Revision as of 23:05, 1 November 2017

Erwinions

Characterization

Overview

One of the fundamental bioparts of this project is the aiiA gene, it codes for an enzyme that catalyzes the degradation of N-Acyl homoserine lactones, which are quorum sensing autoinducers. The part was registered on iGEM's Parts Registry in 2013, but until now, it's not known whether this gene can be expressed in Erwinia amylovora or not. Two types of aiiA were used in this project: the one uploaded in iGEM's catalog, and the one that we synthesized thanks to sponsorship granted by IDT®. The sequence of the first mentioned is reported as being putative, while the latter's confirmed to codify for our protein of interest; nonetheless, no information is known about the expression of either in Erwinia amylovora. The contribution of this characterization to the existing part (BBa_C0060) as a bronze requisite is supported by the results of the project. In the end, it was concluded that our composite BioBrick (BBa_K2471000) that expresses the Registry's aiiA, successfully works in Erwinia amylovora.



Characterization of BBa_C0060

The characterization of BBa_C0060 was carried out, first, by creating a composite part (BBa_K2471000) capable of expressing the biopart of interest; this was done by the addition of a T7 promoter and RBS (BBa_K525998) and a T1 terminator (BBa_B0010) to the basic part. The design was first done in silico utilizing SnapGene®, where the program indicated that the plasmid would have a length of 3,010 base pairs. After verifying the feasibility of creating this BioBrick, the part was synthesized using the 3A assembly method. Agarose gel (1%) electrophoresis was performed to ensure that the obtained molecular weight coincided with the expected one (Figure 1).


Figure 1. Comparison of the obtained in silico and in vivo molecular weight of the BioBrick. (A) SnapGene® map of BBa_K2471000. (B) Agarose gel (1%) electrophoresis of BBa_K2471000 compared with NEB Quick-Load® Purple 2-Log DNA Ladder (0.1 - 10.0 kb), where the highlighted bands correspond to approximately 3,000 base pairs.

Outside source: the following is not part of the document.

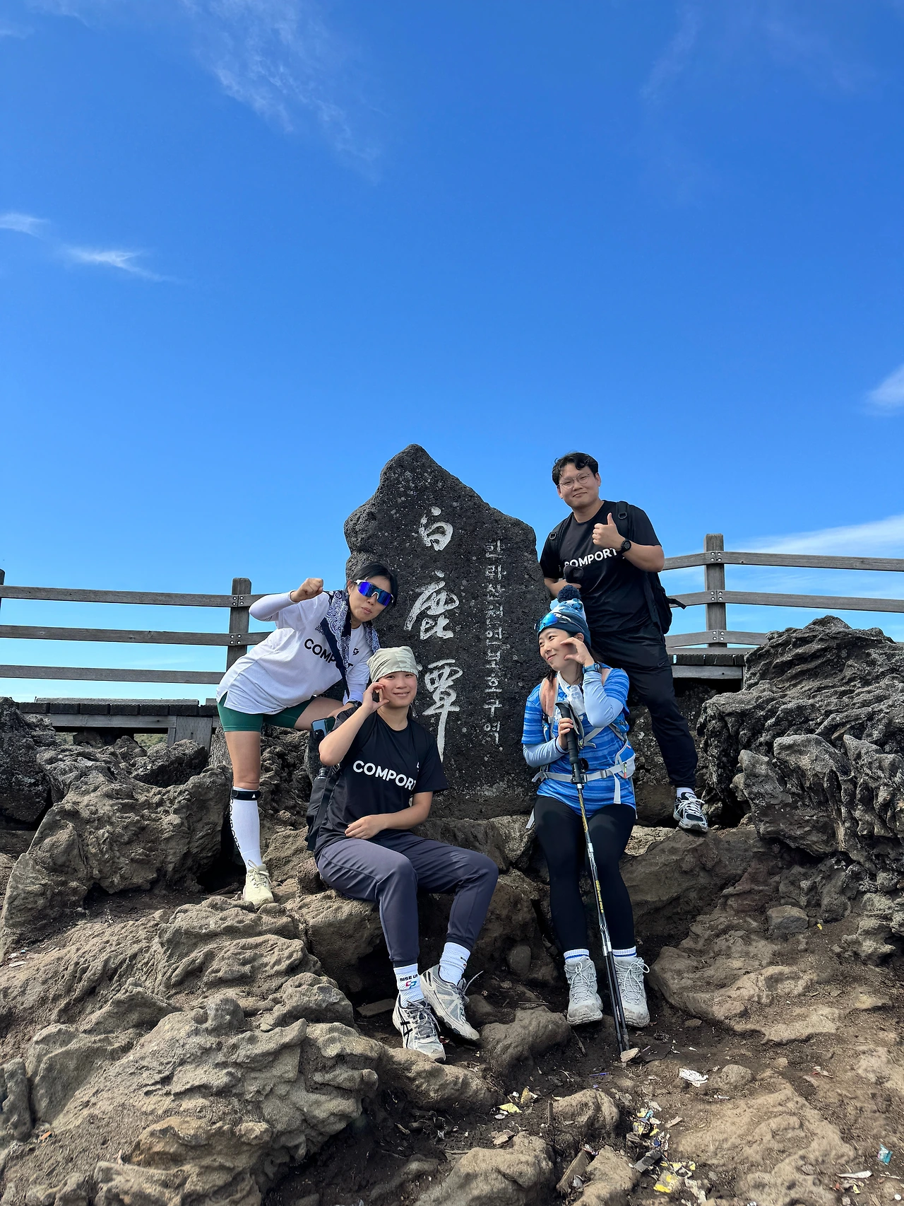 필자(오른쪽 아래)와 임선하 러너(맨 왼쪽)는 지난 9월 29일 제주 한라산을 함께 등반했다.

The bacteria Erwinia amylovora was transformed by electroporation, with this new BioBrick. Electrophoresis in polyacrylamide gel (12%) was performed in order to corroborate that the protein of interest was indeed expressed, as this is what was theoretically proposed based on the previous biographical review. The general methodology (to see specifications visit protocols section) involved a growth curve of the bacteria; also, a sample was taken every hour (0 - 8 hours) and stored in refrigeration to later perform total protein extraction; the protein molecular weight marker used was BIO-RAD Precision Plus Protein™ Dual Color Standards.

To calculate the molecular weight of the protein, the sequence provided by the iGEM Parts Registry for BBa_C0060 was taken and introduced in ExPASy - Translate tool, which generated the open reading frame in amino acids. This peptidic sequence was then analyzed in ExPASy - ProtParam tool, where a molecular weight of 30.32026 kDa was calculated.


Figure 2. SDS-PAGE (12%) of Erwinia amylovora transformed with BBa_K2471000.


As shown in Figure 1, there is a band present at the approximate weight of 30 kDa from the fourth hour onwards. As a point of comparison, SDS-PAGE of wild Erwinia amylovora was also carried out. However, no banding was seen whatsoever. We think that this happened because the protocol used is not specifically designed for this bacteria, and since Erwinia amylovora forms a very complex biofilm (Koczan et al., 2009), the cell lysis was not carried out correctly; and thus, neither did the protein extraction. Similarly, we propose that the SDS-PAGE shown in Figure 1, where the protein of interest is expressed, was carried out correctly because of the protein's function, which is quorum quenching; this affects the production of important components of its biofilm, which consequently leads to its deficient production. When reviewing the literature on this, not much was found, Erwinia amylovora is a poorly studied bacteria.


Nonetheless, a comparison was made with an SDS-PAGE that was executed using the same methodology, changing only the organism used, which was Erwinia amylovora transformed with BBa_K2471003. As BBa_C0060 is registered as being a putative N-Acyl homoserine lactonase aiiA, this new BioBrick contains the genetic circuitry to correctly express our protein, whose sequence (that has small changes compared to BBa_C0060, with a molecular weight of 29.45340 kDa) is confirmed to indeed code for a N-Acyl homoserine lactonase aiiA. This part is a new addition to the Parts Registry, more information about it can be found in the silver section of our results.


Figure 3. SDS-PAGE (12%) of Erwinia amylovora transformed with BBa_K2471003.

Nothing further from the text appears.